The persistent and decisive intervention of the Russian Minister, Prince Dolgorouki, who left no stone unturned to establish the innocence of Bahá'u'lláh; the public confession of Mulla Shaykh Aliy-i-Turshizi, surnamed Azim, who, in the Siyah-Chal, in the presence of the Hajibu'd-Dawlih and the Russian Minister's interpreter and of the government's representative, emphatically exonerated Him, and acknowledged his own complicity; the indisputable testimony established by competent tribunals; the unrelaxing efforts exerted by His own brothers, sisters and kindred, -- all these combined to effect His ultimate deliverance from the hands of His rapacious enemies. Another potent if less evident  influence which must be acknowledged as having had a share in His liberation was the fate suffered by so large a number of His self-sacrificing fellow-disciples who languished with Him in that same prison. For, as Nabil truly remarks, "the blood, shed in the course of that fateful year in Tihran by that heroic band with whom Bahá'u'lláh had been imprisoned, was the ransom paid for His deliverance from the hand of a foe that sought to prevent Him from achieving the purpose for which God had destined Him. (Shoghi Effendi, God Passes By, p. 104)

At last, Násiri'd-Dín Sháh agreed to let Bahá'u'lláh go, and decreed that He should be banished from Iran. Bahá'u'lláh had lingered in chains for four agony-laden months. Mirza Aqa Khan sent a confidant named Haji 'Ali to bring Him out of the Siyah-Chal. The sight of the the appalling condition of the dungeon and the enfeebled condition of Bahá'u'lláh deeply shocked Haji 'Ali, who assured Bahá'u'lláh that they had had no idea of the terrible circumstances He had endured all those months. Haji 'Ali then offered his own cloak to Bahá'u'lláh, which He refused, preferring to appear before Mirza Aqa Khan and the others of the Government in the rags He was wearing….Bahá'u'lláh was given one month to leave the country. At the time of His release from the Siyah-Chal, He was too ill to set out on a long journey. He had no home of His own now. His house had been wrecked and pillaged, and His two wives and children had found temporary accommodation in an obscure quarter of the capital. He went to live in the house of His brother, Mirza Rida-Quli, whose wife Maryam, the sister of Bahá'u'lláh's second wife and devoted to Him, made adequate arrangements for Him to rest and recuperate (H.M. Balyuzi, Baha'u'llah - The King of Glory, p. 101)

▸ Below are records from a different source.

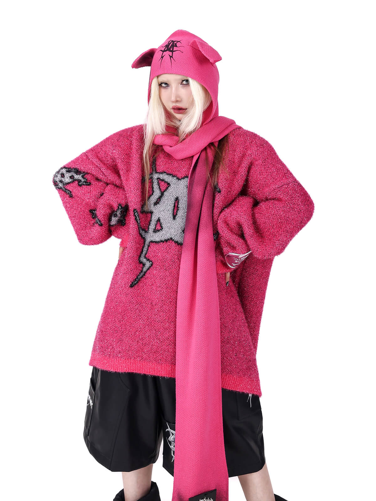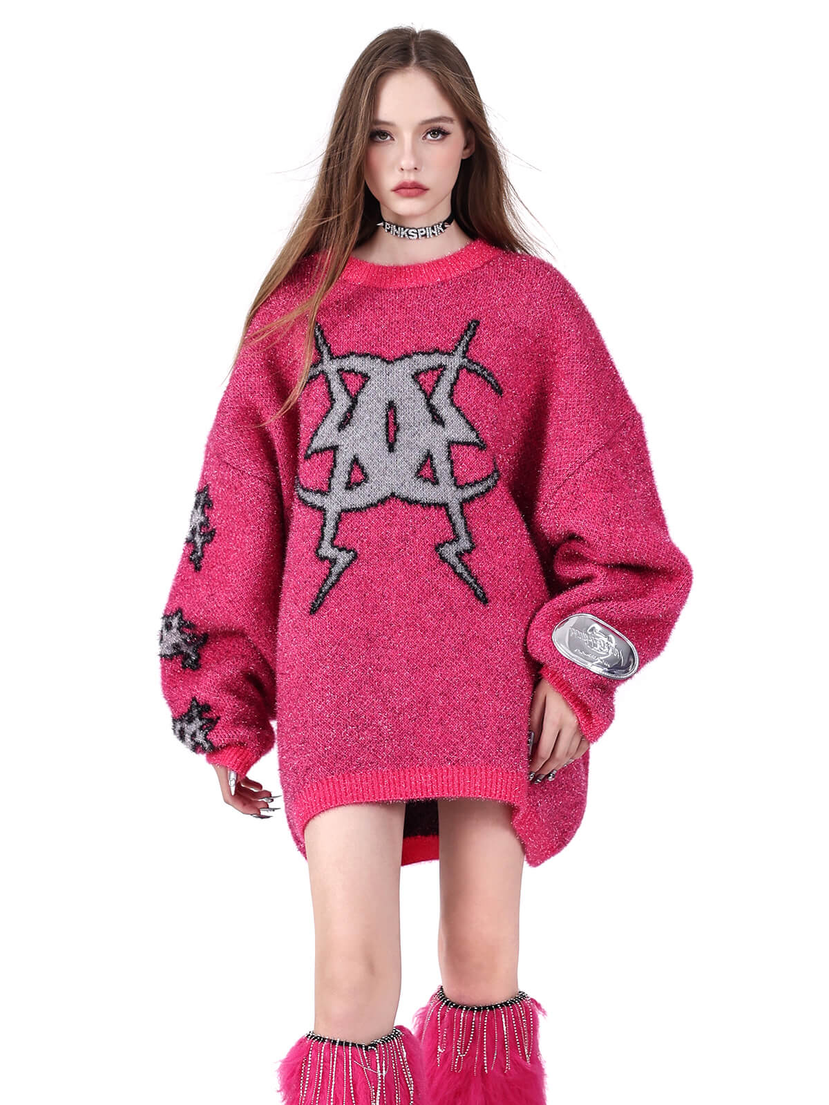 きらめくニットのオーバーサイズセーター
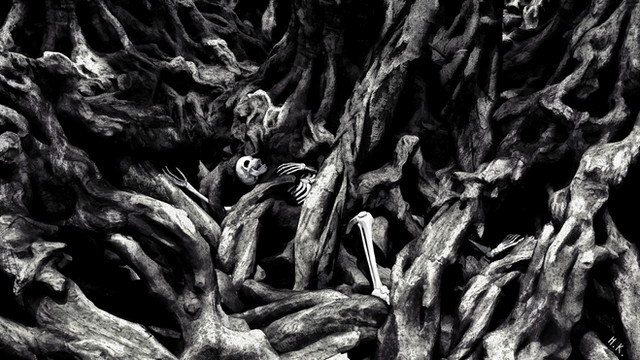 #creepy #horror #alone #blackandwhiteart #dark #darkness #dead #death #end #hole #horrorart #morbid #platitude #pun #skeleton #skeletonart #solitude #somber #well #creepyart #sceneryart #bottom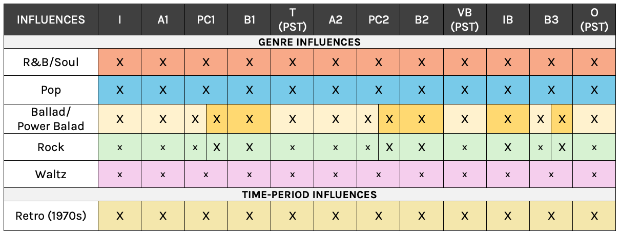 The chart above visualizes the song’s genre and influence DNA across its key sections. We see consistent throughlines of notable R&B/soul and pop influences, while prominence variations in ballad, rock, waltz, and retro 1970s influences are more selectively deployed to heighten musical and emotional contrast throughout the arrangement. This genre sequencing is a vital component of the song’s arc, allowing each section to build or pivot with intent.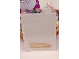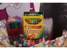 This basket includes a variety of art supplies to spark creativity and provide hours of activity. Included are a Vanker desktop tidy, a set of 24 crayons, two 40-sheet pads of watercolor and marker paper, a set of six Magic Stix, and rainbow scratch paper.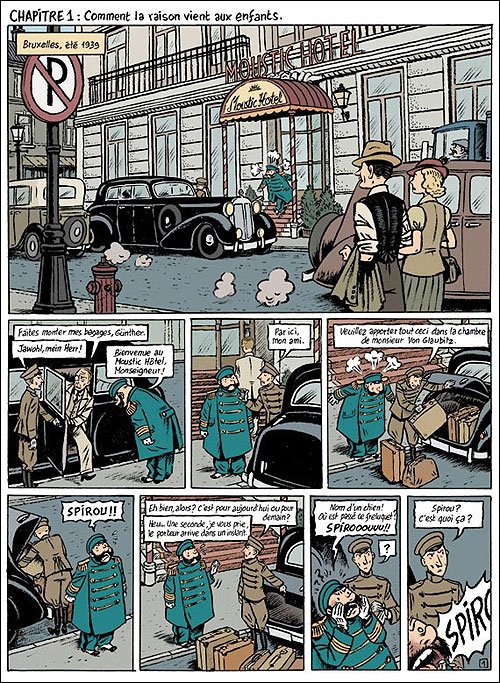 Le récit, doux et tendre, évoque dans sa forme les Bds de l’époque (petite cases carrées, ligne claire « élastique » qui m’a rappelé les tous vieux Disney). Le scénario, habile, joue sur l’ambiance historique, sur la belgitude de Spirou (car il est connu que ces grands héros sont belges !) et sa concurrence supposée avec Tintin… L’album produit une impression intéressante, un peu album de famille plein de photo sépia, un peu boisson fraîche et acidulée, la fin (et l’unique pleine page) apportant leur note de gravité.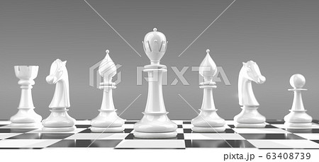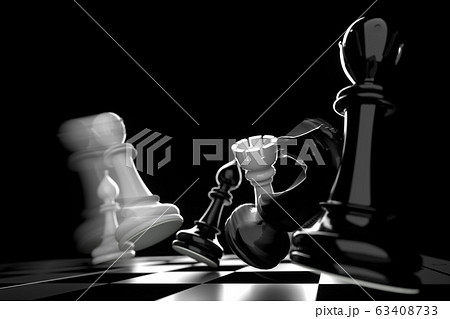 3D black chess pieces on a chessboard close-up on the background of other white chess pieces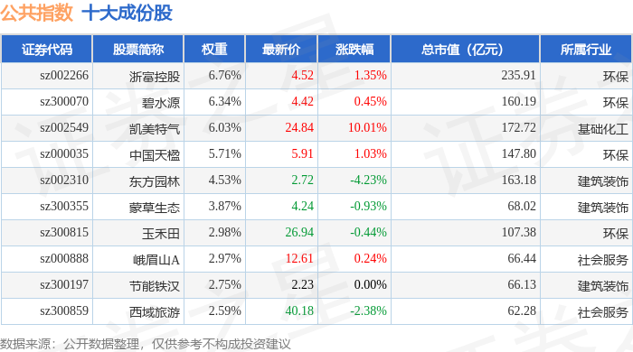证券之星消息,10月10日,公共指数(399244)报收于637.47点,涨1.26%,成交143.09亿元,换手率4.58%。当日该指数成份股中,上涨的有38家,中环环保以19.98%的涨幅领涨,下跌的有11家,东方园林以4.23%的跌幅领跌。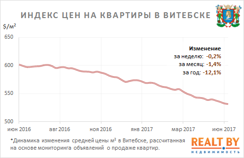 Средняя цена предложения в объявлениях о продаже квартир в Витебске на минувшей неделе снизилась на 0,2% и составила 532 $/м2.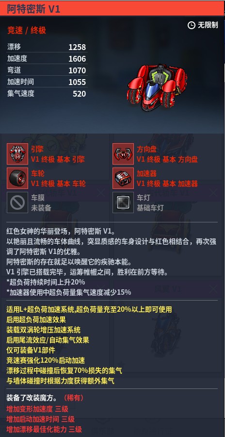 膠囊改阿提密斯V1(起步三級+變形三級+飄移最佳化三級)丨永久起步飛寵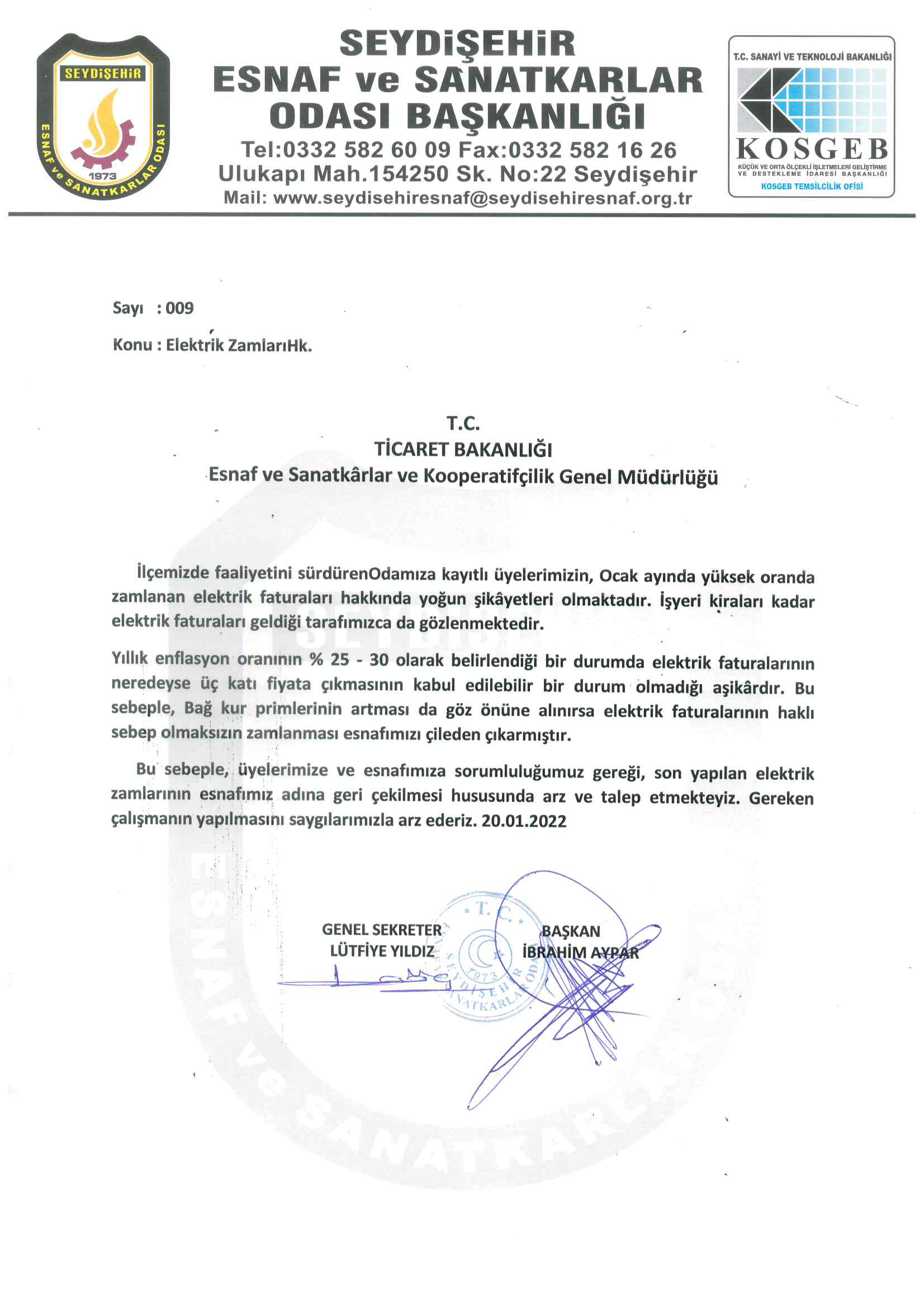 Elektriğe son ayda yapılan fahiş zamlara ilk tepki üyelerimiz adına odamız tarafından ilgili kurumlara itirazı yapıldı.

This enforced and hurried departure of Bahá'u'lláh from His native land, accompanied by some of His relatives, recalls in some of its aspects, the precipitate flight of the Holy Family into Egypt; the sudden migration of Muhammad, soon after His assumption of the prophetic office, from Mecca to Medina; the exodus of Moses, His brother and His followers from the land of their birth, in response to the Divine summons, and above all the banishment of Abraham from Ur of the Chaldees to the Promised Land -- a banishment which, in the multitudinous benefits it conferred upon so many divers peoples, faiths and nations, constitutes the nearest historical approach to the incalculable blessings destined to be vouchsafed, in this day, and in future ages, to the whole human race, in direct consequence of the exile suffered by Him Whose Cause is the flower and fruit of all previous Revelations. (Shoghi Effendi, God Passes By, p. 107)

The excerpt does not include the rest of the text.